Therefore, for n glasses, where n is even, n moves is the minimum number of moves and each glass gets one turn where it's not flipped.

Define a "glass-flip" as flipping a single glass. To end up with all N glasses flipped, a total of N x J glass-flips are required, where J is an odd positive integer. We are constrained to always flip N-1 glasses with each move; we'll do this in K moves, where K is a positive integer. We have a solution when N x J = (N-1) x K. Now it's just a matter of solving the equations, no need to visualize permutations of flipping glasses anymore.

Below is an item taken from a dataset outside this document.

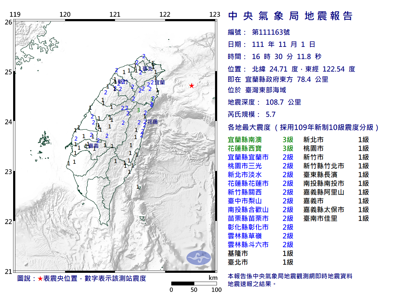 中央氣象局發布顯著有感地震最新消息,今日16時30分,發生芮氏規模5.7有感地震,震央位置在宜蘭縣政府東方 78.4 公里 (位於臺灣東部海域),震源深度108.7公里。

The way I thought this through was if all but one gets inverted each time, you could think of it the same as only one getting inverted each time, so you just go in a line to invert each one, therefore minimum = n. Then you also have to remember that each one must be inverted an odd number of times so the answer only works for an even n.

Because the positions don't matter the only thing that logically differentiates one move from another is whether the glass you DON'T move is up (which I will denote as a U move) or down (a D move). Note that repeating the same move twice (i.e. two D moves in a row) simply cancel out. The second move simply undoes the first.
Therefore the sequence of moves MUST be a simple repeating sequence of U, D, U, D.... There are no other possible meaningful sequences of moves.
The first move must be U and results in 1 glass in the up position. With each subsequent move one additional glass is moved into the state of that move. In other words the second move is D and results in 2 glasses down; the third move is U and results in 3 glasses up, and so on. Therefore on the Nth move all the glasses will be in the same orientation and that orientation will be determined by what sort of move the Nth move was.
Because the first move must be U an odd number N will result in the Nth move being U and the glasses will all be up. But an even N will result in the Nth move being D and all the glasses will be down.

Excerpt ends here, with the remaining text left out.